Alevilerin ibadethanelerinin yasal statüye kavuşturulması, kutsal mekanların korunması bakımından da zaruridir. Buna dair mevcut tüm kanunlarda bir değişiklik yapılması ve cemevlerinin statülerinin oluşturulması esastır. Cemevleri birer dernek değil, Alevilerin dini ritüellerini yaşadıkları ve geleceğe taşıdıkları kutsal mekanlardır.

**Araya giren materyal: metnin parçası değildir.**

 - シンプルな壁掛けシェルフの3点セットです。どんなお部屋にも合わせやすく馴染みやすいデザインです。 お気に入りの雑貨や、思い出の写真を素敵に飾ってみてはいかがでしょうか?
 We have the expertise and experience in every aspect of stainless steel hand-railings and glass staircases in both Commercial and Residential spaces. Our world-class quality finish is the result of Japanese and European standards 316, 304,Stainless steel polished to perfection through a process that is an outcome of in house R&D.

Yine televizyonlarda, basın-yayın organlarında Alevilere yönelik ayrımcı ve hatta hedef gösteren söylemler yer aldığı halde bu duruma müdahale edilmemekte, bu da doğrudan Alevi yurttaşları odak haline getirmektedir. Ülkenin yakın tarihine bakıldığında, Aleviler büyük katliamların mağduru olmuşlardır. Koçgiri, Dersim, Maraş, Çorum, Sivas katliamları bazı tarihsel örneklerdir. Alevi yurttaşların evlerinin işaretlenmesi de ayrımcılığın ve nefret söyleminin kristalize bir örneği olarak karşımızda durmaktadır.

Öte yandan kamuya yapılan personel alımlarında da bu durum net bir şekilde izlenmekte, memur statüsüne yapılan alımlarda Alevi yurttaşlar devre dışı bırakılmaktadır.

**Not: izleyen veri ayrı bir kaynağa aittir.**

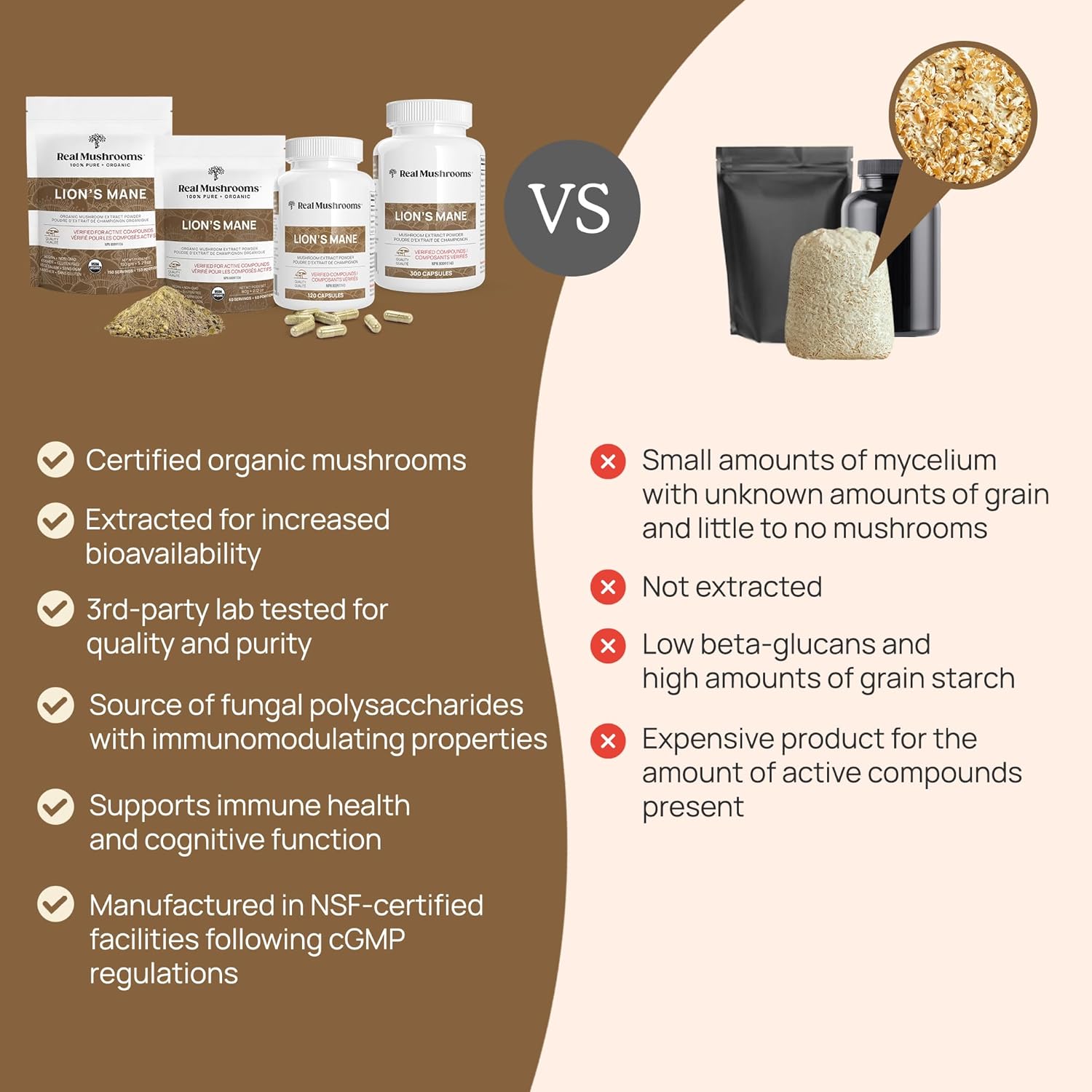 Real Mushrooms Lions Mane Capsules – Organic Mushroom Extract With Immunomodulating Properties Antioxidants Vegan Brain Supplement, 120

Özcesi Alevi yurttaşlar hem maddi hem de manevi anlamda sahip oldukları inanç ve kültür nedeniyle ayrımcılığın öznesi durumuna getirilmektedir.

Toplumsal barışın korunabilmesi aynı zamanda farklı inançlara saygı ile mümkündür. Bunu mümkün kılmak için ise yasaların koruyuculuğuna başvurmak gereklidir. Türkiye’de mevcut durumda, toplumun bir kesiminin dini vecibelerini yerine getirmesi için her türlü yasal düzenleme yapılırken, diğer bir kesimin dini vecibelerinin engellenmesi, taraf olduğumuz Avrupa İnsan Hakları Sözleşmesinin “Düşünce, vicdan ve din özgürlüğü” maddesi ve Anayasa’nın 10uncu Maddesinde düzenlenmiş olan eşitlik ilkesinin ihlali anlamına gelmektedir.

Bu bahisle Alevilerin inançlarının korunması amacı ile kanun teklifi hazırlanmıştır.